The FERS, or Federal Employee Retirement System, might be reaching a breaking point in 2019. FERS is responsible for 95 percent of currently working federal employees, while the majority of the retirees are covered under the CSRS or Civil Service Retirement System.
The difference in 2019 as opposed to the past two years is that the House of Representatives is now a majority Democrat, a change that might change the previous assaults on the system from the legislative branch.
FERS covers postal employees, NASA engineers, CIA workers, park rangers, and other federal workers. Many House Republicans who had advocated for cuts to his fund have not been reelected, or are reduced to minority status. Incoming Republicans who had been recently elected have mostly been ambivalent in regards to any proposed cuts, with some going so far as to advocate for pay raises for federal employees.
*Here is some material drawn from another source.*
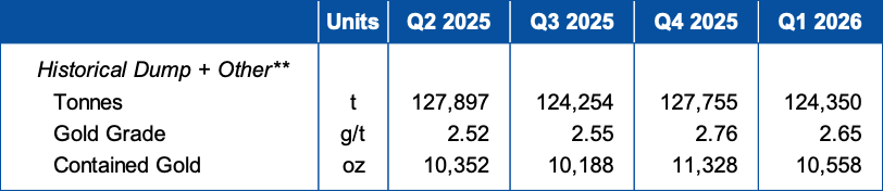 During Q1 2026, the Moss Mine maintained strong safety and environmental performance, completing the quarter with no lost-time injuries and no reportable environmental incidents. Operations remained in compliance with all applicable safety and environmental regulations, underscoring the site’s commitment to safe and responsible operations. Operational performance improved compared to the fourth quarter of 2025 (“Q4 2025”). Mining activities were more consistent throughout the quarter, and processing performance improved month over month, with March representing the strongest operating month to date. These improvements were supported by better equipment availability and more stable plant operations. Gold ounces placed on the heap leach pad and gold recovered through processing increased compared to the prior quarter, reflecting improved operational consistency and steady performance across the mining and processing areas.

One of the largest expenditures of the United States government is retirement payments, so an overhaul in the FERS is something that both sides of aisle usually agree on. It’s just the method of these changes that is up for debate. Some of the items discussed are paid vacation time, and sick leave, which can be accrued and then applied as a monetary credit after retirement, the 5 percent match that the government does on 401Ks, and pay raises every one to three years due to longevity.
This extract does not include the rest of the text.